== Task goal ==
Repeat all of the data word for word so that only the pictures are missing from the copy.
....
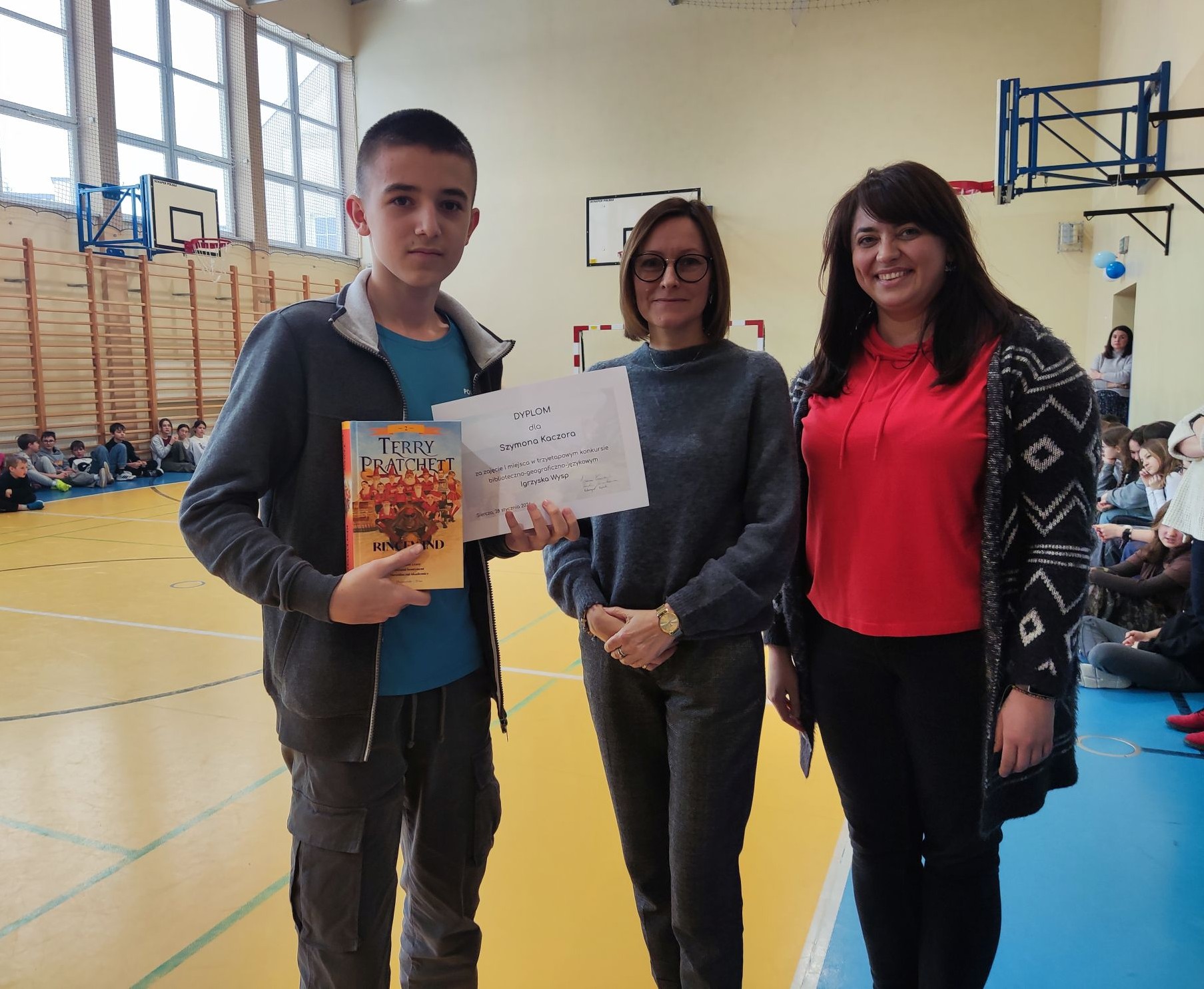 W środę, 28 stycznia 2026 r., podczas apelu szkolnego w obecności Pani Dyrektor Małgorzaty Jarosz-Barwińskiej, ogłoszone zostały wyniki konkursów oraz wręczono nagrody uczniom.
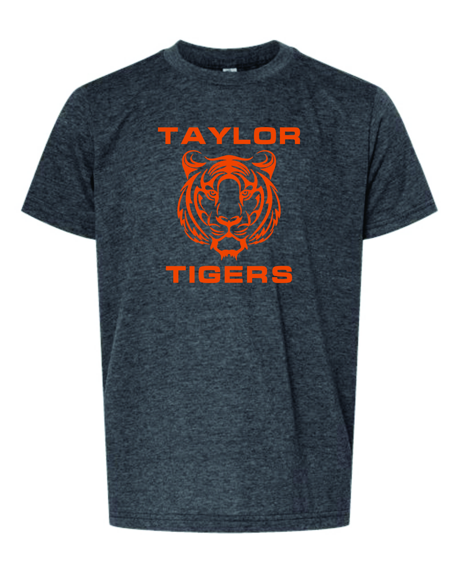 - Heathered Charcoal Grey T with full chest Taylor Tigers logo in orange
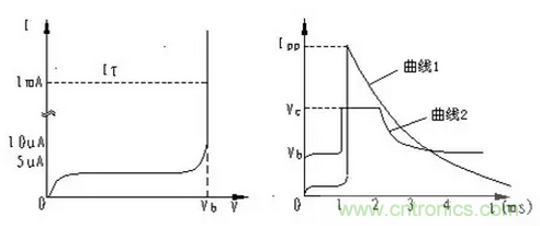 如果用圖示儀觀察TVS的特性,就可得到圖1中左圖所示的波形。如果單就這個曲線來看,TVS管和普通穩壓管的擊穿特性沒有什么區別,為典型的PN結雪崩器件。
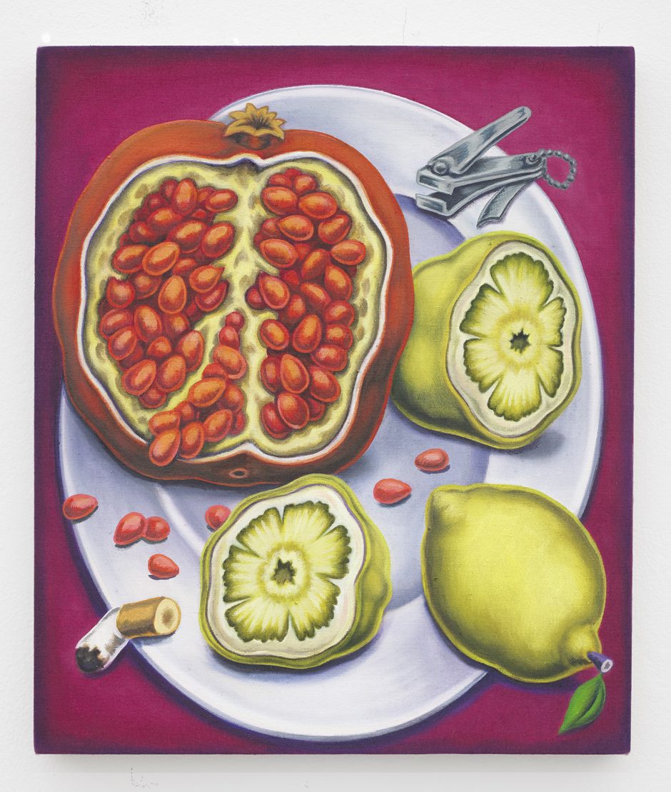 Pedro Pedro, Pomegranate, Lemons, Nail Clippers, Cigarette Butt, 2020. Acrylic and textile paint on linen, 20 x 17 inches, 51 x 43 cm
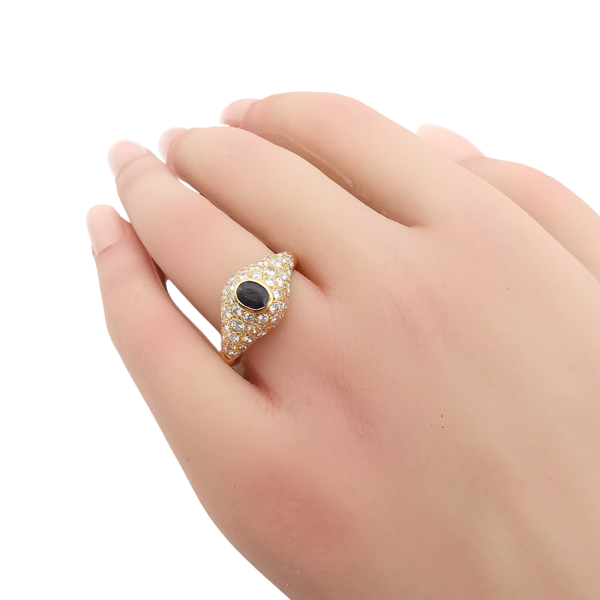 Bague en or jaune 18 carats pesant 5.20 grammes sertie au centre d'un saphir taille ovale de 0.50 ct et entouré de diamants taille brillent d'environ 2.24 ct
....
== Answer space ==
 W środę, 28 stycznia 2026 r., podczas apelu szkolnego w obecności Pani Dyrektor Małgorzaty Jarosz-Barwińskiej, ogłoszone zostały wyniki konkursów oraz wręczono nagrody uczniom.
 - Heathered Charcoal Grey T with full chest Taylor Tigers logo in orange
 如果用圖示儀觀察TVS的特性,就可得到圖1中左圖所示的波形。如果單就這個曲線來看,TVS管和普通穩壓管的擊穿特性沒有什么區別,為典型的PN結雪崩器件。
 Pedro Pedro, Pomegranate, Lemons, Nail Clippers, Cigarette Butt, 2020. Acrylic and textile paint on linen, 20 x 17 inches, 51 x 43 cm
 Bague en or jaune 18 carats pesant 5.20 grammes sertie au centre d'un saphir taille ovale de 0.50 ct et entouré de diamants taille brillent d'environ 2.24 ct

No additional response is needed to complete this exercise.